The following day Alison and I were allowed to visit. I knew Graham would not be happy with all the tubes in him and I told the nurse that if he woke up and realised he had these machines and tubes he would start to pull everything out. I was then told if they had not put him on all the machines the operation would be worthless. Needless to say, he did wake up and he did start to try and pull things out. We were not allowed to see him for weeks until one day the sister of the ward called me. Her comments were “Graham’s morale is fading fast so we are authorising you to visit once a day for an hour” (nevertheless an hour turned into two), not all patients were as lucky.

They kept my visit as a surprise for him, when I arrived I was kitted out in PPE and taken to his room. The sister opened the door and said they had a surprise for him, with that I put my head around the corner and said “surprise”. His words were “what are you doing here?” I told him that I could visit him each day. He was so happy; he just held my hand tightly and kept kissing it. It was then that I really started to fight to get him home. It turned out that he was in there only because they needed to drain the NG tube. I knew I was able to do that myself. A few days later the sister called me again and said she would show me how to drain the tube.
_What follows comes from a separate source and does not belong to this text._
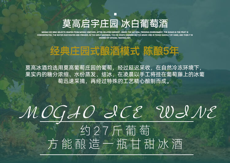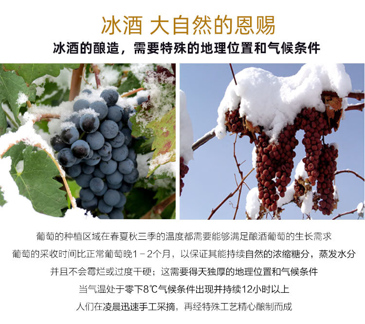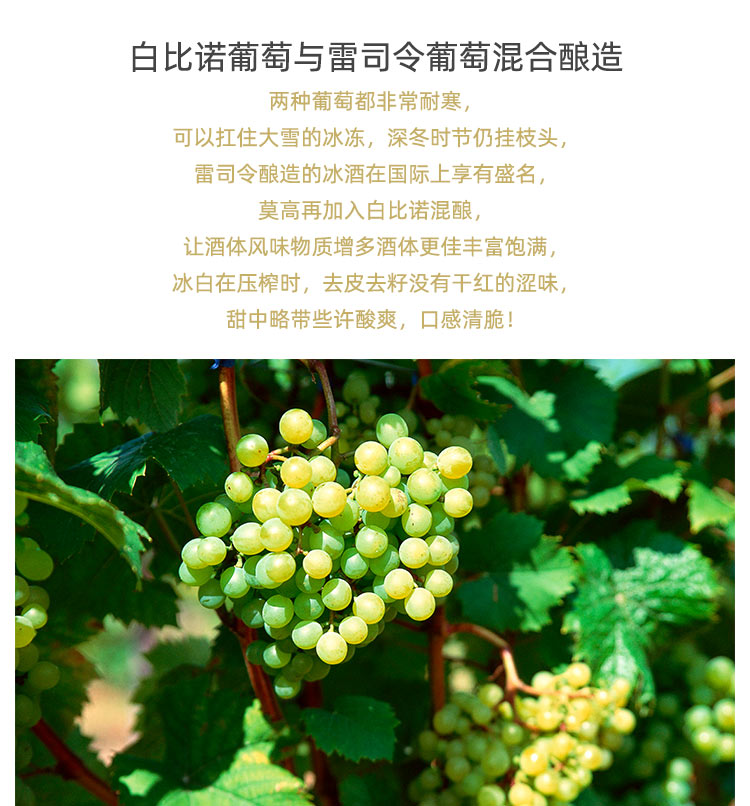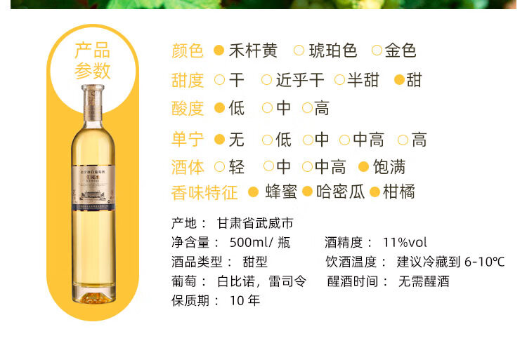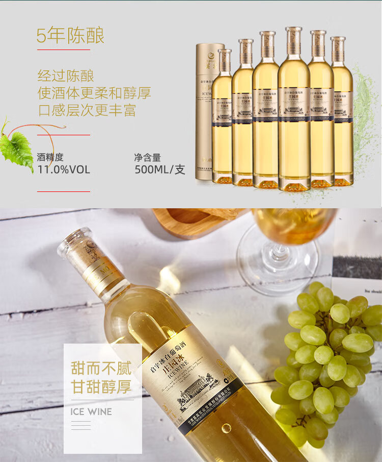 颜色:琥珀;口感:香甜;特性:普通餐酒;国产/进口:国产;适用场景:礼节拜访,商务宴请,婚礼婚宴,情侣约会,家庭聚会,自斟自饮,闺蜜私语,派对活动;包装:整箱装;酸度:低酸;类别:冰酒/贵腐/甜酒;葡萄品种:雷司令(Riesling);类型:静止酒;香型:果香;产地:中国大陆;容量:376-749mL;甜度:甜型;系列:冰酒系列;保质期:10年;酒精度:11%vol;原产地:中国大陆;存储方法:恒温避光;容量:500ml/瓶;产品重量:8.24kg;包装清单:莫高庄园冰酒(冰白)500ml*6瓶;
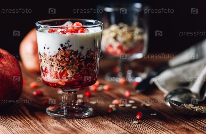 Гранатовое парфе с некоторыми ингредиентами на заднем плане. Серия о приготовлении полезного десерта с гранатом, гранолой, сливками и джемом

That day the ambulance brought my frail husband home. He was home for two months, we celebrated his 59th birthday and my birthday too. He went into a coma on the 13 July and took his last breath on 23 July 2020. We were married for 36 years. He’s my hero, still my world – he’s my everything and I wish I could have saved him. I would have gladly given him some of my bowel if that could have helped. He was an inspiration to so many people. A year after losing my Graham, I left County Durham and moved to Newcastleton in the Scottish Borders. It’s a place we were meant to move to 11 years ago as we just loved it for the peace and tranquillity. I’m now settled in my new little home living the life that we should have been living. Not a day goes by that I don’t miss my hero, my soulmate, my world my everything. Graham lived by one saying and that was “have no regrets “ 

Please, if you have any change in your bowel movement, if you just don’t feel 100% in your fitness, or you are tired all the time: get to a doctor and keep pestering until you have an answer.